Continental ramps up Ferreira production

SOUTH Africa-focused Continental Coal has increased run-of-mine production from its Ferreira thermal coal mine after appointing a new mining contractor and starting development of the northern pit open cast operations.
Continental ramps up Ferreira production Continental ramps up Ferreira production Continental ramps up Ferreira production Continental ramps up Ferreira production Continental ramps up Ferreira production


Lou Caruana

The company expects further increases in production this month after problems in January with industrial action, flooding and derailments, chief executive Don Turvey said.

"It is pleasing to see that the tough decisions made at Ferreira in the last quarter are already beginning to have results,” he said.

“Our sales of export thermal coal through Richards Bay Coal Terminal have increased demonstrably and at a time of increasing coal prices, and also when heavy rains and derailments have materially impacted other export coal producers.

“The outlook for the balance of the quarter is positive and we anticipate that we will meet our targeted sales of 141,000 tonnes.”

ROM production from the Ferreira mine for the months of January and February was 28,450t and 41,233t respectively, while export coal sales were 40,448t and 48,532t.

The average realised net preliminary export thermal coal price received for sales during January and February was $US118/t.

Production in January was affected by the holiday periods and by heavy rains and industrial action in South Africa, which led to a loss of five production days.

ROM production in February was an increase of 14% on the average monthly ROM production in the December quarter and came despite a number of national strikes affecting operations. ROM production for the balance of the March quarter is forecast to be approximately 55,000t.

The establishment of the northern pit operations and improving operating performance at Ferreira has already resulted in a reduction in mining costs.

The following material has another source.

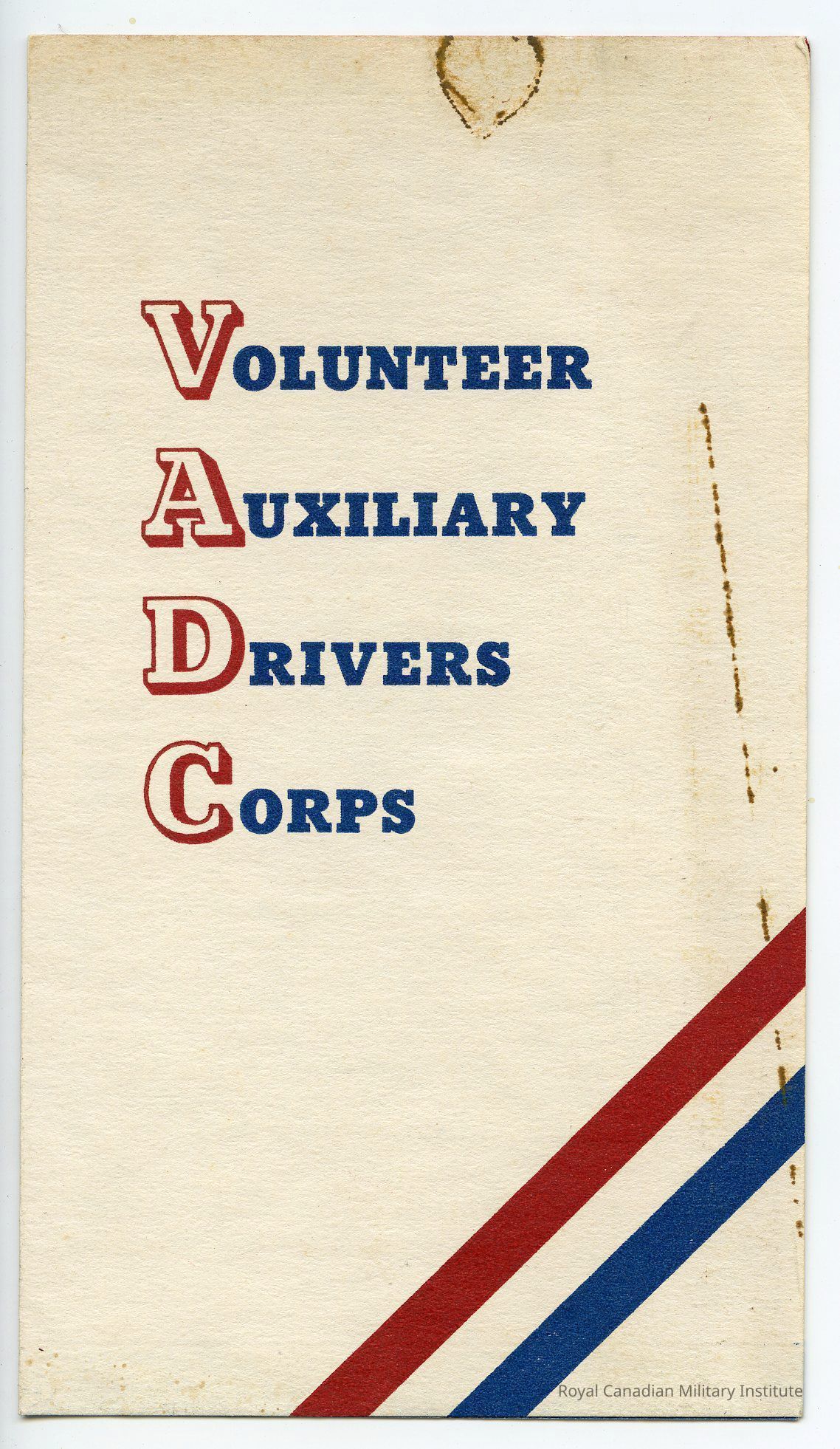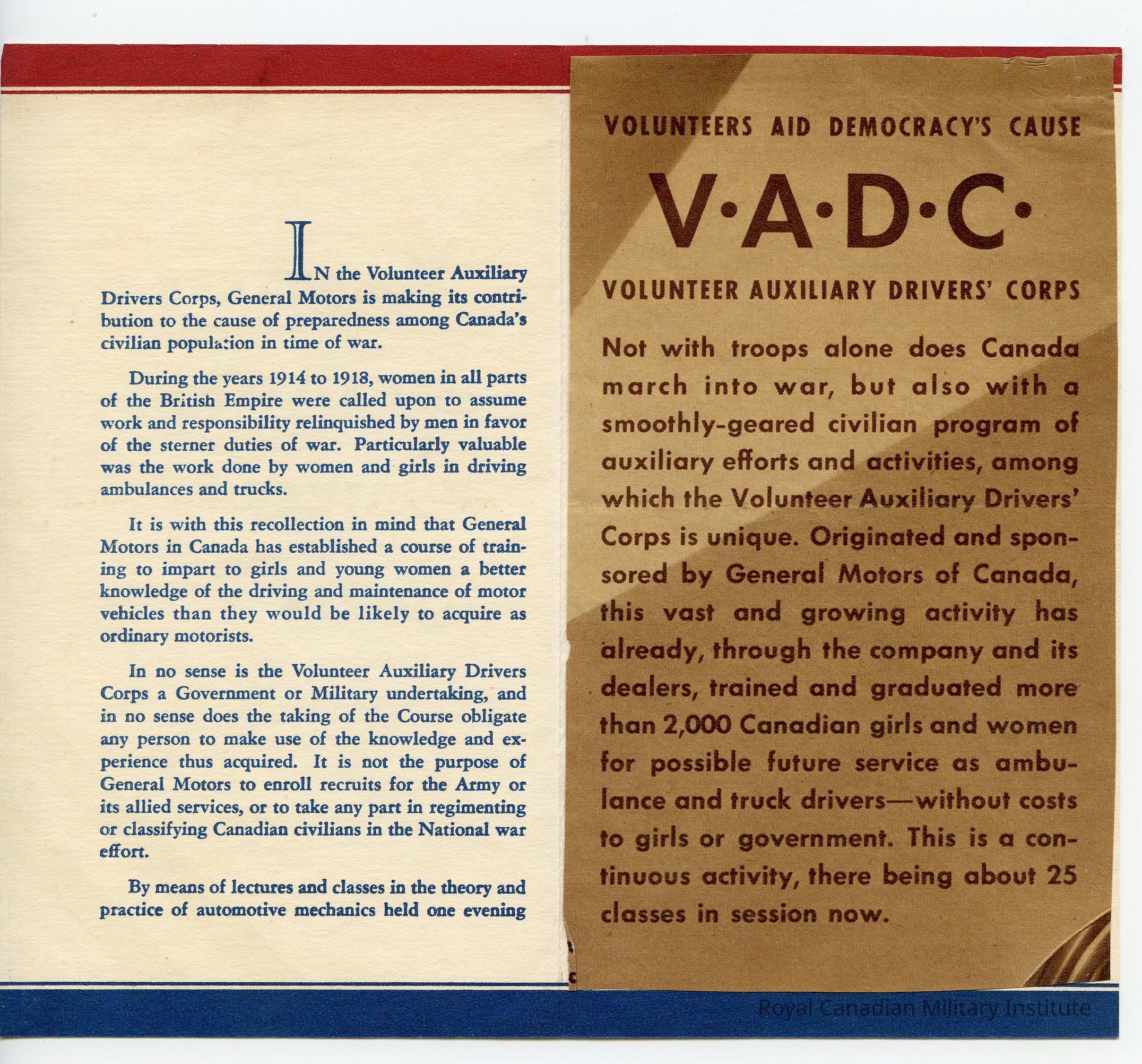 Canadian Volunteer Auxiliary Drivers' Corps Pamphlet, produced by General Motors. The VADC was a volunteer initiative not organised by DND or the government. This pamphlet advertises the VADC and announces that the GM program has trained more than 2,000 women as potential ambulance or truck drivers, with 25 classes in session currently. The pamphlet explains that during WWI women were called upon to volunteer for many different tasks. This inspired GM to create the VADC program, in anticipation of the need for women volunteers during WWII.

Greater utilisation of the processing plant and the ability to source raw export-quality coal from neighbouring mines, which themselves have no processing facilities and cannot wash the coal to achieve an export thermal coal product, allowed Continental to achieve improved efficiencies and returns, and further reinforced the strategic location and value of its Delta processing operations.

Total FOB costs of $US70-80/t can now be achieved by the company, Turvey said.

The Delta processing operations have operated continually throughout the quarter, unaffected by the heavy rains or national strikes, with total tonnes processed for January and February of 122,970t, comprising 101,406t from stockpiles and 21,564t of buy-in coal.

For the quarter to date, sales of 46,697t of a primary export thermal coal product and a further 20,568t of a secondary domestic thermal coal product have been achieved. A total export yield of 59% was achieved, representing a 20% improvement over the December quarter.

Continental’s second shipment of export coal from Richards Bay was made on March 7 for an amount of 32,996t. A similar scheduled shipment is due to be made in April.